This is the part of the picture least captured in raw statistics, but it surfaces consistently in trade-press post-mortems. Inbound Logistics described 2025-2026 freight fraud as having "matured into a layered operation" that combines technical compromise with social engineering of staff [11]. FreightWaves' "Impersonation Attacks Are Here To Stay" coverage made the same point in different words: the fraud groups are no longer running smash-and-grab schemes, they are running long-cycle reconnaissance, and the phone callback is something they plan around [12]. If the fraud group knows the brokerage requires a callback within 30 minutes of dispatch, they make sure their VoIP number rings during that exact window.
Dark Reading's coverage of CargoNet's data captured the consequence cleanly: physical cargo theft now gets a routine "boost from cybercriminals" who handle the social and technical preparation as a service, allowing the actual freight haulers downstream to operate on something closer to a legitimate-looking schedule [13]. The strict callback rule, designed to interrupt an improvisational scam, was never built to detect a planned operation.
A control that worked against opportunistic scams was always going to lose against a workflow. The strict callback rule didn't get hacked. It got out-engineered.
What forwarders are migrating toward
The interesting question isn't whether the strict callback rule is dead. By any honest reading of the 2025 data it is. The interesting question is what defenses brokers and forwarders are actually moving the verification burden onto, and which of those defenses look durable.
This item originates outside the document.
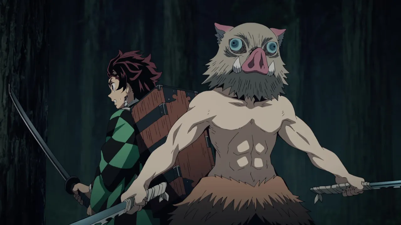 After a desperate fight to the death, Tanjiro prevails over Kyogai. He exits the house to find Zenitsu who had escaped earlier. But it is then that he sees the strange circumstances before him... The battered Zenitsu holding the box containing Nezuko in his arms while the man in the boar's head mask stands in the way with two Nichirin Swords drawn.

Four shifts are visible in the trade press and in vendor product announcements over the past twelve months:
1. Continuous monitoring of FMCSA record changes
Rather than treating the SAFER lookup as a one-time confirmation, more sophisticated brokers now subscribe to daily-change feeds. CarrierOK and similar tools surface changes to addresses, phone numbers, emails, and insurance status the day they occur, on the theory that a fresh contact change is itself a fraud signal worth interrupting a load over [14]. The strict callback rule treated the FMCSA record as ground truth; the new posture treats sudden edits to that record as the alert.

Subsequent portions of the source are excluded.